Thanks for a very helpful posting in terms of sharpening our focus on potential MAPPR improvements. That rather long pipeline already includes alleviating some of the frustrations you encountered, particularly the inability to download user-created maps in addition to the table and chart download options. As shown on your screenshots of the Market Shed summary tool it is already possible to download the map in GIS format (the button with the – admittedly arcane – inscription “Download .SHP”), but that feature is indeed absent in the other summary options. What you (and others) have highlighted is also the lack of an option to download the map you created map in a cleanly annotated .png or similar format to put directly into a report or presentation. I think we maybe a month away from adding that capability.
We will follow up with our way more technical folks on the likely causes of the dreaded “404″ and see what that issue might be. I also don’t know what HI is, but I’m sure Chris can enlighten us. We will soon be adding server memory to enhance performance which might be a fix if it proves to be a capacity issue.

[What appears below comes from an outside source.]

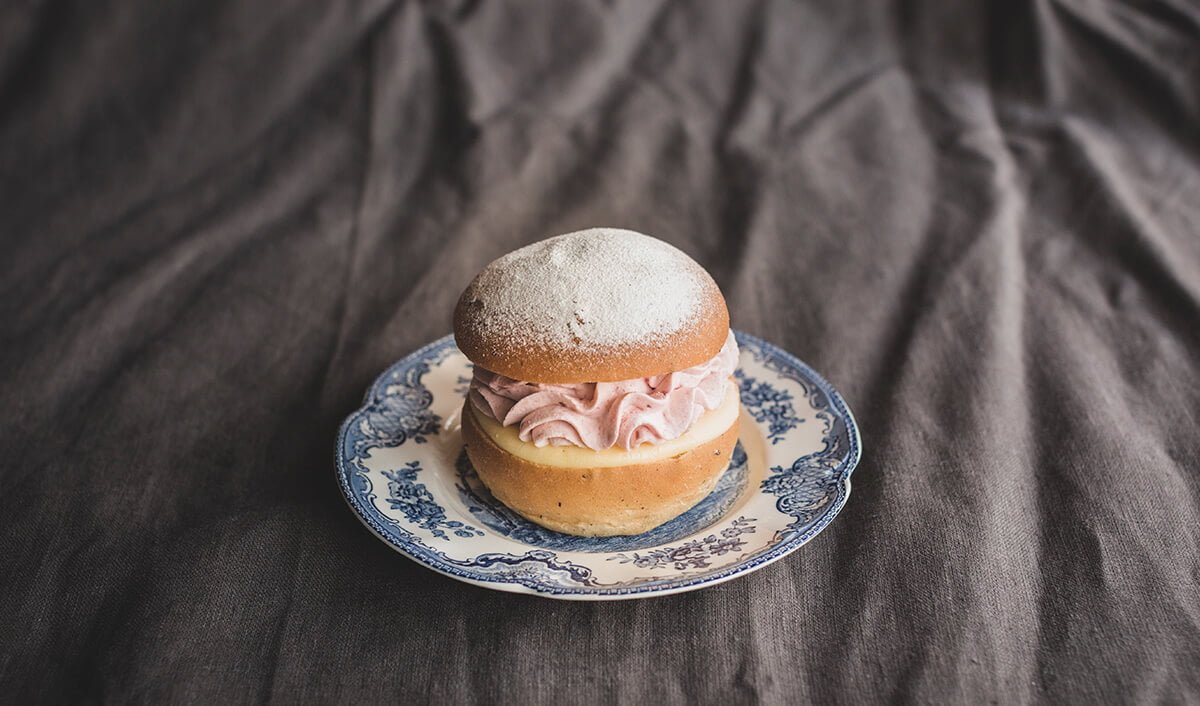GRÄDDE, kallrörd vaniljkräm (Vatten, socker, kärnMJÖLKspulver, vegetabilisk fett (kokos) , modifierad stärkelse E1442, konserveringsmedel E202, salt, vaniljarom, färgämne E160a, E101.), VETEmjöl, vatten, hallonsylt (Socker, hallon (45%), vatten, förtjockningsmedel E440, surhetsreglerande medel E331, E330, E333, konserveringsmedel E202, arom.), rapsolja, sirap, HAVREmjöl, jäst, KORNmalt, VETEgluten, kardemumma, salt, dekorations florsocker (strösocker, majsstärkelse, vegetabiliskt fett (palm)), socker, arom, Mjölbehandlingsmedel (E300).Hallon-vaniljsemla 4% hallonsylt, 28% vaniljkräm.

On the final comment about poverty and cropland, I went into MAPPR myself and made a map and table in less than a minute highlighting their coincidence at a district level in Tanzania. I saved the map and downloaded the table (and just as you did I had to grab the map with Print Screen for the time being).
Are some aspects of MAPPR both limiting and a bit kludgy? Indeed so. But feedback like yours and that of other users, in addition to our own pipeline of fixes and enhancements, can only serve to make it better. Indeed, since you’re an investor, we welcome your investment in our data and tools to speed up those improvements!
Meanwhile, please keep the feedback coming.